So, and I aim this at both Liverpool and Manchester United F365 ‘usual suspects’.  If you still view Man City as a stand-alone club and rival then, I’m sorry to say, you are very much mistaken.  If you define ‘improvement’ by the selling or buying of, say, two or three players each season, then you are again, very much mistaken.  CFG are looking to do with nine other clubs across the world what they’ve done with Manchester City.  Which is scary.

For those that are already typing replies that will (rightly) denounce ‘blood-money’ and Human Rights issues I can say only this.  No supporter of any (English) club gets to say who their owners are.  In addition, and I’ve written this before, if Sheik Mansour had bought Everton instead of City or the Saudis had bought Newcastle, do you mean to suggest that the vast majority of those team’s supporters would’ve left in droves?

For the avoidance of doubt, I’m not defending what CFG are doing.  But they are, I would suggest, merely the latest in ‘upping the ante’ in the football world.
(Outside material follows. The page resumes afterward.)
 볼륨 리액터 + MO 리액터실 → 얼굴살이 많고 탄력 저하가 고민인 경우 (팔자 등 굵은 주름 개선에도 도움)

CFG are (no pun intended) game-changers and are doing to football what Apple did to tech and Amazon did to online sales.  If you are a competitor, then you can squeal all you like.  But the smart thing to do is to not just emulate them, but to be equally bold innovators yourselves.
Mark (Oh Dear.  I forgot that the Glazers and FSG were perfect angels).  MCFC.

 

First name XI
A good point was raised in the mailbox about the recent lack of funny XIs. When I was younger I went through a phase of trying to build a team (on Fifa) completely of players who had a last name that could also be a first name – why?
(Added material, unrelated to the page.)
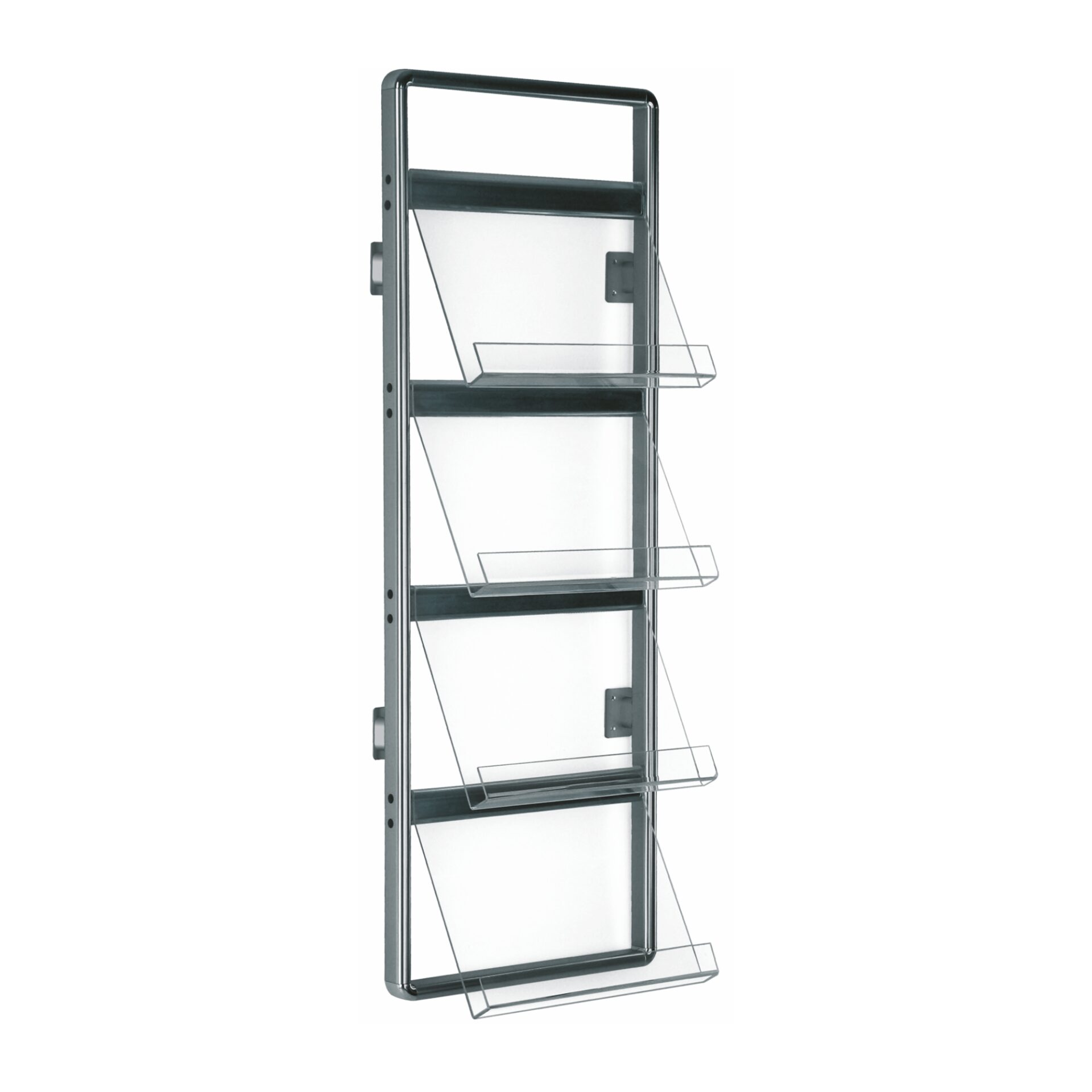 Duvar tipi broşürlük 8 broşör kapatinesine sahiptir. Mağaza, galeri, banka, market vss. gibi yerlerde kullanılan dekoratif bir üründür. Tüm rafları kolayca takıp çıkartabilirsiniz. Gövde alüminyum, raflar 3,8 mm şeffaf akriliktir.

Isn’t it obvious? So that the commentary sounded like it was talking about a few mates having a kickabout down the park… “James rolls it out to Terry. Terry passes it wide to Neville, down the line to Lennon, Lennon cuts inside and feeds Barry, Barry through to Owen – and Owen scores”

Sadly I don’t remember ever making a full XI without “cheating”, either by using a plural (e.g. “Phillips”), or a player typically treated as having just one name (e.g. “Alex”)

So my question is, can anyone complete this and do a full XI of first name sounding last names (one rule – players must be “active” at the same time, so the team could be built on Fifa)?
RA in CH

 

Footie phrases
Slightly off topic and probably one for the enigmatic Johnny Nic to delve into, but I wonder sometimes the casual turn of phrases we use around sport and their underling meaning. Today’s “Big Weekend” talked of Jose leaving Everton with his “pants around his ankles”. A standard phrase in the everyday vocabulary, but what does this employ. Is he a fool because he can’t pull up his trousers or…. this is far from a complaint, but sometimes when you sit down with your morning coffee and digest some breakfast football articles to get you into the day, it’s make you think how these phrases came to be and what they really mean..
Colin Christopher Nestor

 

Politics and football
A classic bit of no platforming there from TX this morning, he doesn’t like other people expressing opinions so can we stop making him uncomfortable. I was led to believe this was purely the reserve of the woke lefties.
He says that “Politics ruins everything it touches” how does he feel with the latest rules between Government and football for the recruitment of managers and coaching staff. Nobody can know what effect this will have in the future but if it had always been in place probably no Wenger, Mourinho (first time), Benitez (possible coaching staff issues) or OGS. That is at the top level but no Bielsa, Wagner or Farke all getting promotion so much appreciated by those teams.
Football will be a lot better with Lampard, Sherwood, Pardew etc we just don’t know it yet.
You can see TX just because you wish to avoid politics it is intrinsically linked with our life and loves in this case football.
Gary in Germany

 

Dear Tx Bill,

Insisting others don’t use politics in their correspondence IS a political position.
Jon, (Spurs are 9/1 in some places for tomorrow?!), Lincoln

 

Sliding doors
When I think sliding doors, I try to not think of anything Chelsea related, far to many moments to call, but when we are talking true sliding doors moments, moments which a few inches change the landscape, how about the “Battle of Old Trafford” from Sunday the 21st of September 2003, if Ruud Van Nistelrooy scores that penalty then Arsenal’s Invincibles are never to be, they never rise, the dream ends after just 8 games of the Premier League season, would the defeat have changed the dynamic in terms of Arsenal lifting the Premier League title?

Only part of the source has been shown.